1st May, 2016 - Starting work on a front panel

This entry was backdated.

(Apologies for the long break between updates, folks, I know a few of you have been asking for them — between life being distracting and wanting to actually make progress on the project, I haven't really found the time to keep these pages current! However, over the next few days I hope to clear my backlog of buildlog entries that I'd already started writing at various points during the last year. This is the first of those. — BALJ, 17th November 2016.)

When we last looked in on progress, I had the control unit prototyped across a pair of breadboards and happily running code; over the course of a handful of evenings in September (2015) I committed it to solder, then spent a bit more time experimenting with the ultrasonic cleaner to find a way to rid the board — and more importantly the IC sockets! — of unpleasantly-sticky flux residue. My earlier IPA-based cleaning concoction looked like it worked well at first, but once the boards dried fully it left behind an unsightly white powdery residue of its own. The answer appears to have been to bite the bullet and invest in some dedicated flux-cleaning solvent from an ultrasonics supplier; it's not all that much more expensive than IPA, and so far appears to be working considerably better.

With that out of the way, there's one major functional block left to work out before I can move on to finalising the clock and machine cycle generator design (which I'm leaving until last just in case there's a flaw lurking in the assumptions I made when prototyping it a while back). The machine's front panel is a considerable chunk of logic, as it needs to not only provide the basic controls like Run/Halt buttons but also some basic register and memory I/O facilities so the operator can feed the machine with code and data to chew over.

The core of this I/O facility is a pair of 32-bit shift registers (which should come as no surprise in this machine!), the first of which is fed from the A, B or R buses as appropriate and then brought out to a row of LEDs through a latch that triggers when the register currently selected for display has been updated. The second register works in the opposite direction, latching the setting of a bank of toggle switches at the top of each word cycle and then shifting it out into the selected target register when the user presses a Deposit button. These registers are straightforward enough that I took advantage of an Elecrow discount voucher to order a set of 8-bit-wide register PCBs without prototyping them first; however, rather than using them right away I built an equivalent temporary front panel on a Eurocard to use when prototyping the control logic. This initially met with failure due to swapping the input and output pins of the '573 latches; after some slightly-irritated checking of the PCBs I satisfied myself that I had made the mistake only on the temporary board, and that simply rotating the chips through 180 degrees (and swapping the power rails to match!) would rescue matters.

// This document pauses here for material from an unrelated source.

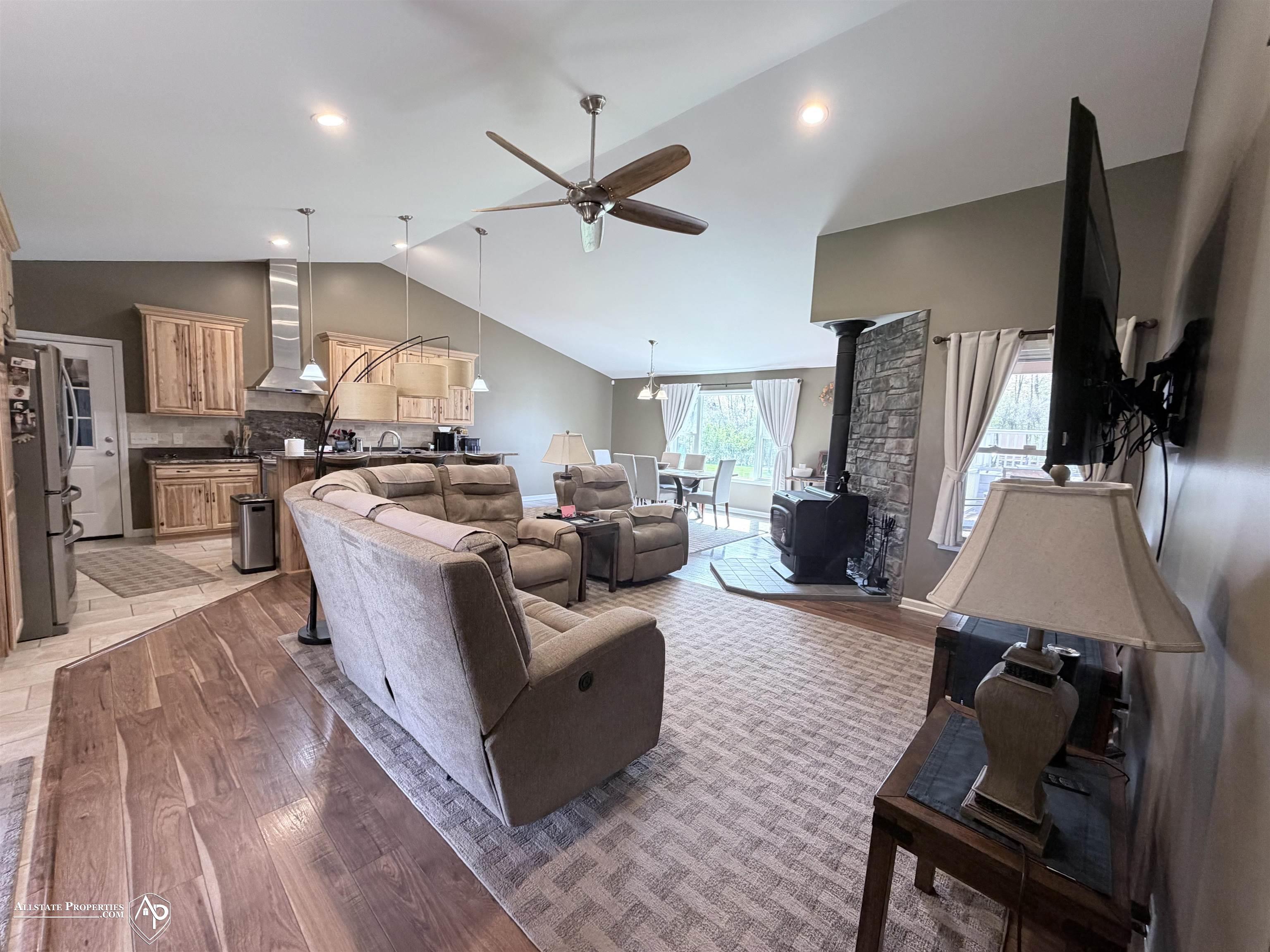One-of-a-kind, custom-built, one-owner home set on 10.04 private acres, reflecting exceptional pride of ownership. Offering approximately 1,700 sq ft, this well-maintained residence features 3 bedrooms and 2 full baths. A welcoming foyer opens to a cozy living room with a wood-burning fireplace highlighted by a striking rock accent wall. The thoughtfully designed kitchen showcases soft-close hickory cabinetry, granite countertops, a spacious pantry, wine cabinet, and stainless steel appliances. The primary suite offers a generous walk-in closet and a private en-suite bath complete with heated floors & towel rack, and dual sinks. A functional layout includes a mudroom and separate laundry room for added convenience. Sliding glass doors from both the living room and primary bedroom lead to the expansive deck. Exterior amenities are equally impressive with a versatile 3-car garage setup, including a 30x30 heated garage with 12’ ceilings, EV charging capability, hoist, and upper storage with lift. Additional outbuildings include a 16x44 front garage and a 34x20 rear garage. The home is set approximately 650 feet off the road, accessed by a long private driveway with an electric gate for added privacy. Enjoy outdoor living on the 24x35 deck featuring a gazebo, electricity, and gas hookup, along with a 15x30 above-ground pool with automatic cleaner and included accessories, ideal for entertaining. Additional highlights include leaf guards with warranty and a deer blind. Mechanical features include a 268-ft deep well, septic pump replaced in Summer 2025, two backup sump pumps, whole-house generator, 200-amp service to the home and 190-amp service to the garage. The crawl space offers a cement floor with rolling carts for easy access. Two garage door openers with key fob access are also included. Sale includes all appliances, two safes (one large and one small), hoist lift, garage refrigerator, stand-up freezer, crawl space rollers, and deck heater. A rare opportunity combining privacy, functionality, and extensive upgrades, this exceptional property is a must-see!

With that out of the way, and the now-traditional forgetting to tie RESET high leading to a little light head-scratching, register contents could be inspected as the machine ran and updated with some small manual intervention (so that the mbed playing the part of the clock cycle generator knew when to insert word-length supervisory cycles). The next step is to automate that manual process; the plan was to use a '148 priority encoder to detect when any of the various supervisory operations are pending, and request a suitable cycle from the clock generator. Alas I had exhausted my mbed's supply of GPIO pins at this point, so I ordered a new mbed-compatible dev board (an ST Nucleo F411RE) with more pins and an appropriate set of jumper cables so I could continue.

While I waited for those (the board, coming from Farnell, was with me next day — the cables from an anonymous eBay seller in some part of the U.K. that apparently uses Chinese customs declarations took a little longer!) I wired up a couple of extra chips that allow the front panel to provide a 'next address' option. This just adds four to the current value in the MAR, allowing the operator to easily move to the next word when inspecting or depositing values in memory, but due to the design of the MAR it has to be done in two stages — first adding four to the existing value and storing it in a temporary register, then moving it back to the MAR. Rather than trample over the contents of any of the machine's own registers, it would be best if this temporary storage were local to the front panel; luckily we can access both ends of the I/O registers easily enough, and if we use the input register then the associated switches will still be set for us to reload the original value when we're done. Problem solved!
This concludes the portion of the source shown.